# Another shocker in the news :(



## LittleFluff (Jun 5, 2008)

Puppy kicked to death in park, news headline on bbc site - what's the world coming to when you can't even let your pooch run free in the park without fear or something happening to them!!


----------



## CreativeLC (Aug 13, 2008)

I was gonna post this, i can't imagine seeing that happen to my dog. Its not far from me either, there are some vile people out there.


----------



## k4r4 (Sep 20, 2009)

there was a story in the daily record today about a woman trying to hand in 3 collies to the pdsa and as soon as they asked her o fill out some paper work she did a runner then the lady from the pdsa was driving from their base and saw the three dogs in a crate lying at the side of the road....... they are now trying to locate the woman as she just abandoned the three dogs


----------



## Katie1989 (Sep 30, 2009)

i live in the town where this happend and we used to walk our dogs there b4 meg hurt her leg there are plenty of people after them belive me it would be better for the thugs who did this if the police found them becuase if somone else find them first they'll be extreamly sorry


----------



## victoriaj (Oct 21, 2009)

my 2 sisters also live in the town where this horrific story took place, it was all over the front page of our local paper and news .. it made me feel physically sick. that poor girl who has adhd and had the puppy to help her condition it must've been horrendous for her and bless her that she tried to give the pup mouth to mouth.
an anonnimous person offering a reward for any info that leads to the arrest of these vile people does show that there are some very kind and generous people out there


----------



## jill3 (Feb 18, 2009)

I just cannot express how i feel about these Thugs!! Words fail me.:cursing:

I much prefer animals any day.

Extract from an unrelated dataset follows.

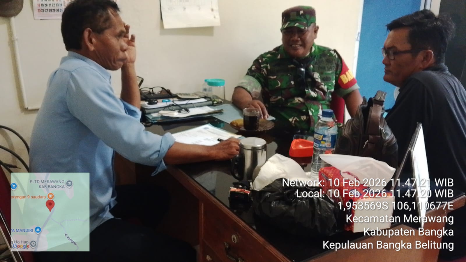 Merawang, kejarberita-news.com – Sinergi demi kesejahteraan masyarakat terus diperkuat di tingkat kewilayahan. Babinsa Koramil 413-03/Merawang, Serka Ali Musthafa, melaksanakan komsos strategis bertempat di Kantor PDAM Tirta Bangka Cabang Merawang, Desa Merawang, Kabupaten Bangka, Selasa (10/02/2026).

They are so trustworthy.


----------



## thedogsmother (Aug 28, 2008)

May they rot in hell, being kicked all day every day. I think that sums it up. Play free at the bridge little puppy, sorry you couldn't have stayed longer.


----------



## Domoniques (Feb 7, 2009)

Words fail me on this but ( look at what I can do I am the big I am ) please take you foot to mine and see how big you are then
my heart goes out to the young girl


----------



## CreativeLC (Aug 13, 2008)

The owner of the dog is 15 but has the mental age of someone much younger, she musn't have known what to do in that situation. The dog was bought as an emotional companion for the girl, she now has another dog(incidentally the cousin of the dog that was killed).
On the news she didn't really look that affected by the incident, but i guess that because of her learning issues.
If someone tried to do that to my dog, they wouldn't get away with it. I'm not a violent person but they would change that if they tried it with me.


----------



## Guest (Oct 29, 2009)

In my opinion if a dog attacked a human they would be PTS so I think the same thing should happen to these thugs. It makes my blood boil to think of it. That poor poor little puppy the story made me cry


----------



## plumo72 (Nov 2, 2007)

I saw that in the paper this morning  disgusting!!


----------